A mother told of their family fortune had, after her car caught fire in the Lions cabin in a Safari Park.
Helen Clements and her two children were about 100 meters away from the lion, when the car overheated and started smoking.
Rangers rescued the trio and no visitors or animals at Longleat Safari Park were injured.
Mrs. Clements said: "it would have in the flamingos or the camels, but no, it had to go to the lion enclosure."
She was on her first visit to the Wiltshire-Safari Park with son George, nine, and 12-year-old daughter Charlie when unfolding the drama on Friday afternoon.
Although the experience said "pretty scary" Mrs Clements, of Kingswood, Gloucestershire, now the funny page could look.
Helen Clements, pictured with daughter Charlie and his son George, praised the Rangers for their helpShe initially thought that steam out of the car came and stopped when it stopped in the inside of the compartment.
"" "Then basically we thought:" it's not steam, smoke that is actually "," she told BBC News.
"It has been getting fatter and fatter, and of course come at us, and then we saw the flames."
They sound their Horn, and both she and George opened their doors, before Rangers ran towards them.
'Dilemma'"" "Unfortunately, they were shouting:" get back in the car, not the car,"she added.
"It was what a situation -? You get out of the car, because you are on fire? "And they say you back in the car, so that was the dilemma."
Her son got out of the car and ran, but Ms. Clements recalled him.
Within moments, a ranger in a vehicle and she and the children had before, threats to security inside jumped upwards pulled.
Mrs. Clements said the Rangers have been "fantastic".
They and their children not the Lions at the time see how were other cars in front of them, she added.
"I can laugh about it now, as it is only a car and we all are sure," Ms Clements said. "You laugh at the funny side.
"But -why the lion enclosure?"
Asked if she had any plans for other day trips over Easter, she joked: "I don't think anybody would want to come."
The fire was extinguished after the Lions out of the housing eyewitness George Lear said the Lions "not her eyes of fire and smoke" Rangers had to move the lions from the housing while the rescue has taken placeKevin Ashley, said of the Safari Park, the lions have been cleaned, from which the housing and the Park was closed.
He added that the fire was extinguished quickly and had violated no animals.

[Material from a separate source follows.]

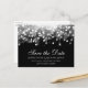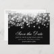 Save the Date postcard featuring white bokeh lights on your choice of background color.

Visitors George Lear said: "the Lions kept their distance only and was not her eyes of fire and smoke."
"The Rangers were pushing them back, but they were reluctant on the way, as she looked interested."
He added that the air was filled with black smoke, after the car was engulfed by flames.
Also, Gabrielle Owen, of Newport, who said that it could have been a "terrible story" was in the cabin.
She praised the Rangers, described it as a "blazingly fast in dealing with the incident".